Your instructions: The expected response is the complete listing below, restated exactly, with its pictures omitted.

Collected material:
○ ○ ○ ○ ○ ○ ○
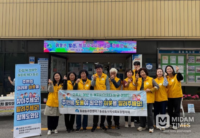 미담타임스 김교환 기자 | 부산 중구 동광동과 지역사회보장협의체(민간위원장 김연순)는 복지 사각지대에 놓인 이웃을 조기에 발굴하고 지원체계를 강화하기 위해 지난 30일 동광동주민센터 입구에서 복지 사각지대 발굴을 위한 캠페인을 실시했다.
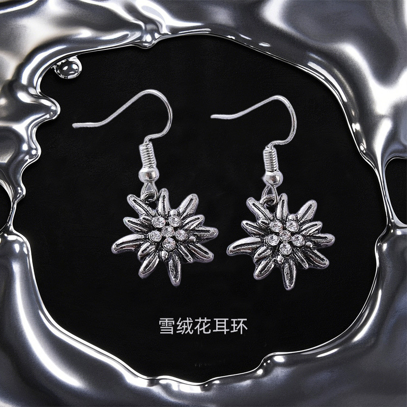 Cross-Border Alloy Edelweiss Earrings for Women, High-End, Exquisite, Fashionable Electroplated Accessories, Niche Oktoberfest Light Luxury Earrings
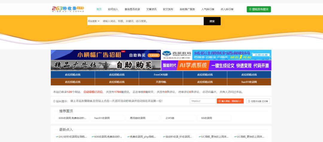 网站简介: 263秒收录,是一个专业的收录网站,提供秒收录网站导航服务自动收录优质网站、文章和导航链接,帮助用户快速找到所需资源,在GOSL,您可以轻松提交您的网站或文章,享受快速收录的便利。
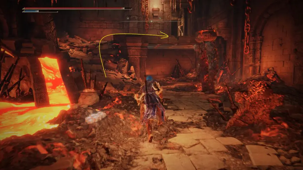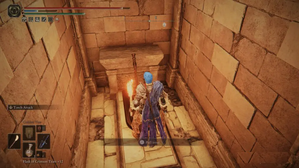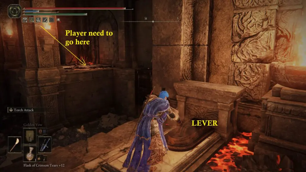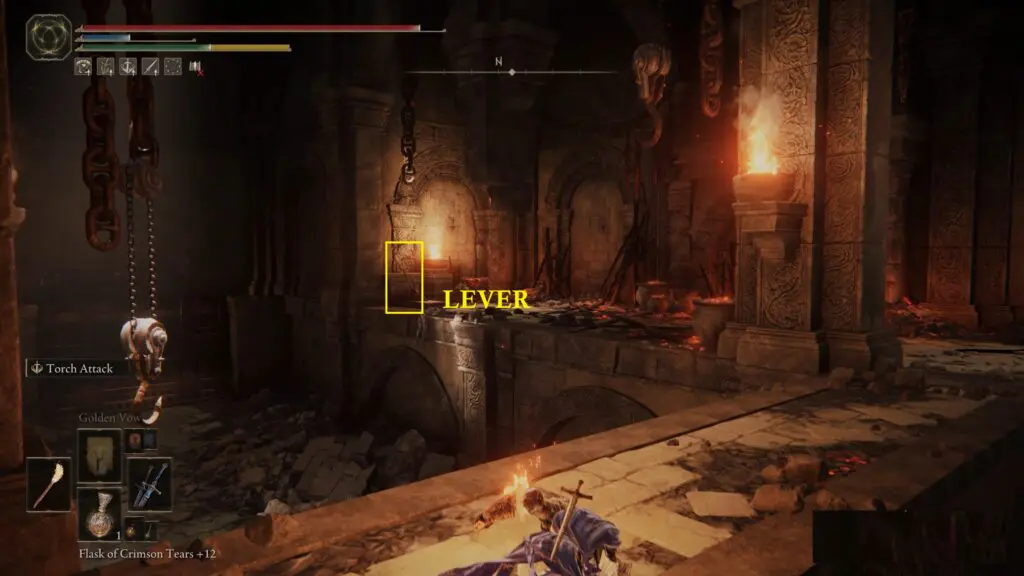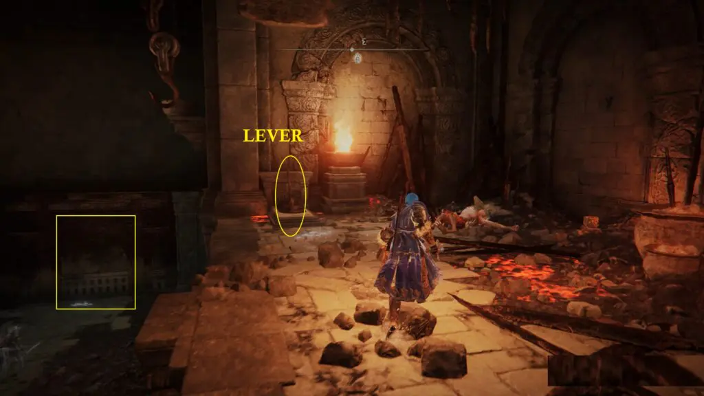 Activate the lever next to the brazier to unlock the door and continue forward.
○ ○ ○ ○ ○ ○ ○
Task result:
 미담타임스 김교환 기자 | 부산 중구 동광동과 지역사회보장협의체(민간위원장 김연순)는 복지 사각지대에 놓인 이웃을 조기에 발굴하고 지원체계를 강화하기 위해 지난 30일 동광동주민센터 입구에서 복지 사각지대 발굴을 위한 캠페인을 실시했다.
 Cross-Border Alloy Edelweiss Earrings for Women, High-End, Exquisite, Fashionable Electroplated Accessories, Niche Oktoberfest Light Luxury Earrings
 网站简介: 263秒收录,是一个专业的收录网站,提供秒收录网站导航服务自动收录优质网站、文章和导航链接,帮助用户快速找到所需资源,在GOSL,您可以轻松提交您的网站或文章,享受快速收录的便利。
 Activate the lever next to the brazier to unlock the door and continue forward.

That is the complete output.